Prompt 1: Less conservative, gemma filters more freely.

=== FINAL METRICS Filtering - After rule application, ask gemma to filter ===
Total TP (True Positives): 107
Total FP (False Positives): 104
Total FN (False Negatives): 136
Recall 0.4403292181069959
Precision 0.5071090047393365
F-score 0.4713656387665198

Prompt 2: Push gemma to be more conservative.

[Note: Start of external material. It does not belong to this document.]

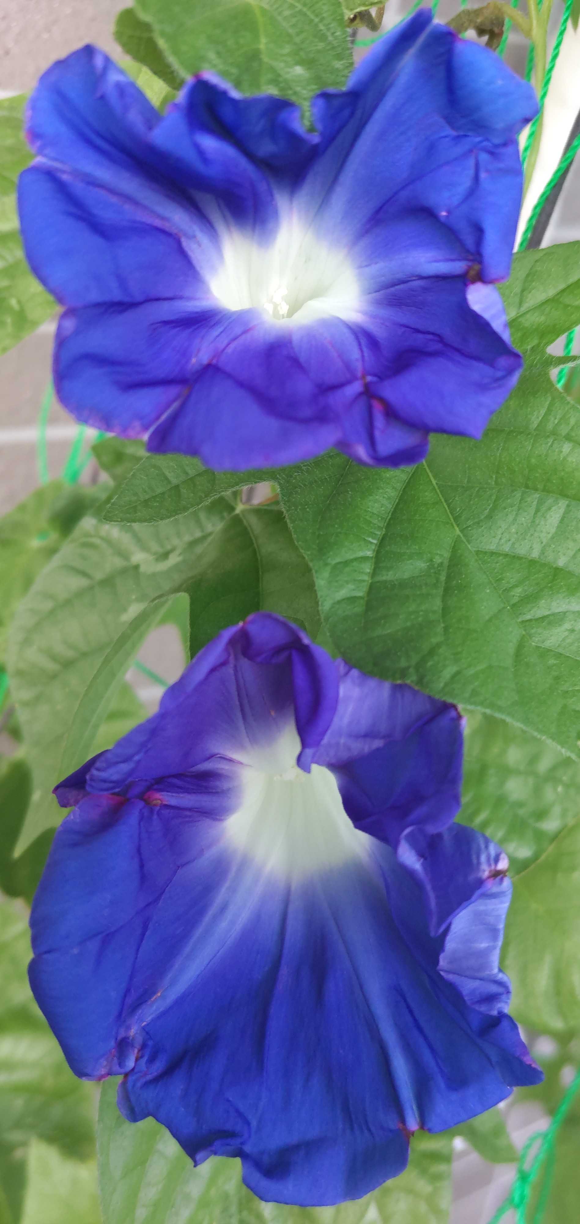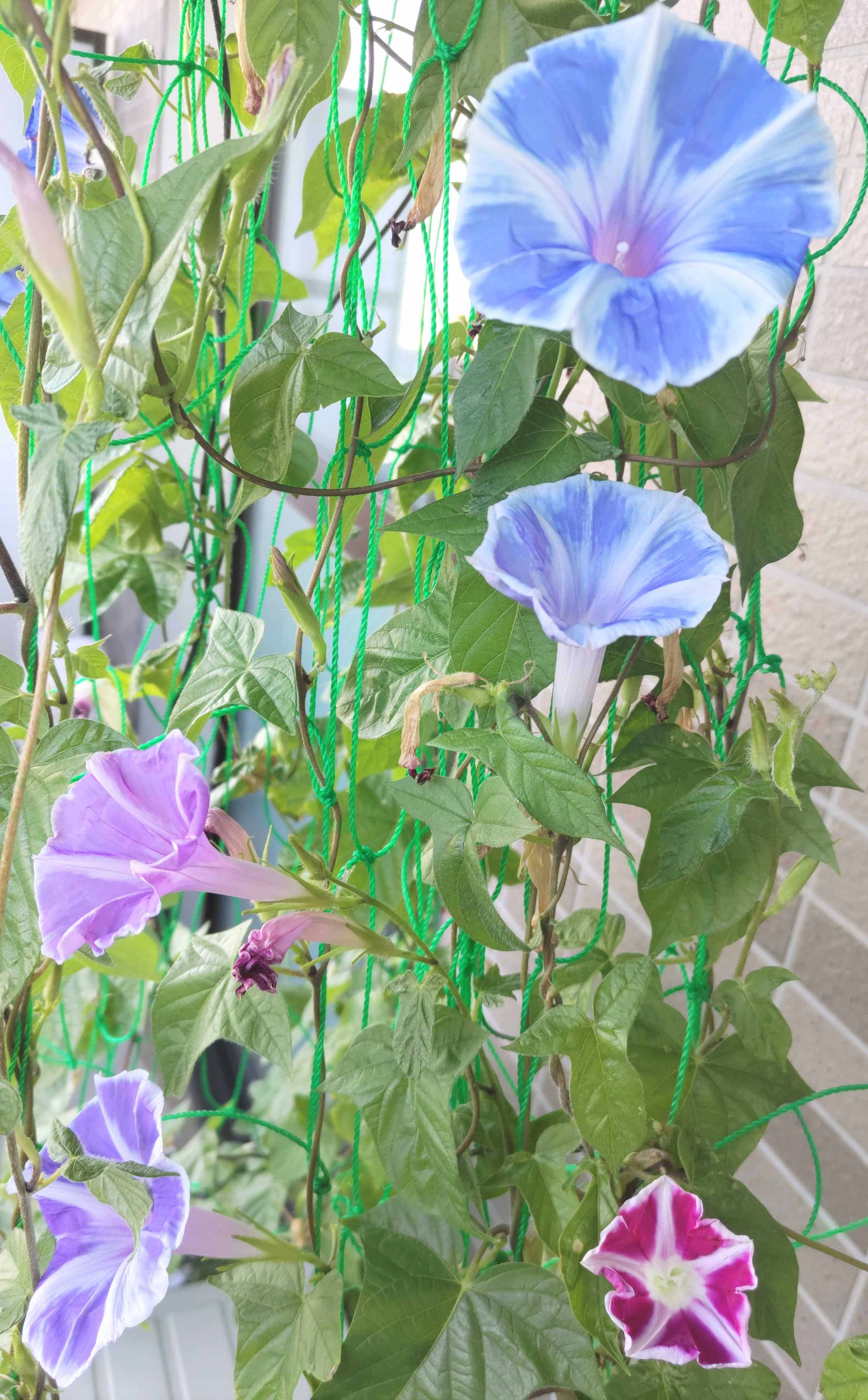 久しぶりに、かすり模様の紫アサガオが開花したのが嬉しい。

=== FINAL METRICS Filtering - ask model to be conservative ===
Total TP (True Positives): 117
Total FP (False Positives): 140
Total FN (False Negatives): 126
Recall 0.48148148148148145
Precision 0.45525291828793774
F-score 0.46799999999999997
==============================================

We can see the precision-recall tradeoff at play here, although it’s minor.

Conclusion and Next Steps

Link Prediction

As discussed with the mentors, we see that our Hindi knowledge graph is not mature enough for link prediction models to perform very well. The benchmark we have set with our prototype is a baseline for future implementations. Going forward, we will not work on link prediction, at least in the near future, but divert focus to other avenues.

Information Extraction

We see that the filtering of indIE triples with a LM like gemma can help improve performance. Also using the LM for just enhancement also pushed the recall much higher, though it lags in precision. Our aim is to try out a few different things to increase recall while also keeping precision so as to achieve state-of-the-art performance. Over the next couple of weeks this is what I’ll be focusing on:

Improve the prompt for extracting new triplets by incorporating the following suggestions:

Directly mention it’s a dependency tree and pass it as triples as given below:

Sentence: "Barack Obama was born in Hawaii."
Dependency Tree:
- (was, Obama, nsubjpass)
- (was, born, auxpass)
- (born, was, root)
- (born, in, prep)
- (in, Hawaii, pobj)

Add instructions to keep chunks intact.

Try the following and see performance: Rule extraction + Enhancement + Filtering. Theoretically, this should give us better performance than our current setup.
Manual analysis of where the LLM is going wrong. Aim here is to compare and analyse where exactly the LM is going wrong. Is it missing some properties? What is making the FNs and FPs occur? What is the LM not good at? This will help us map out how to proceed further and extract the most performance possible.
Get synthetic data for hindi relation extraction by running the script with Dr. Ronak.
Setup a high level plan of finetuning + evaluation using the produced synthetic data.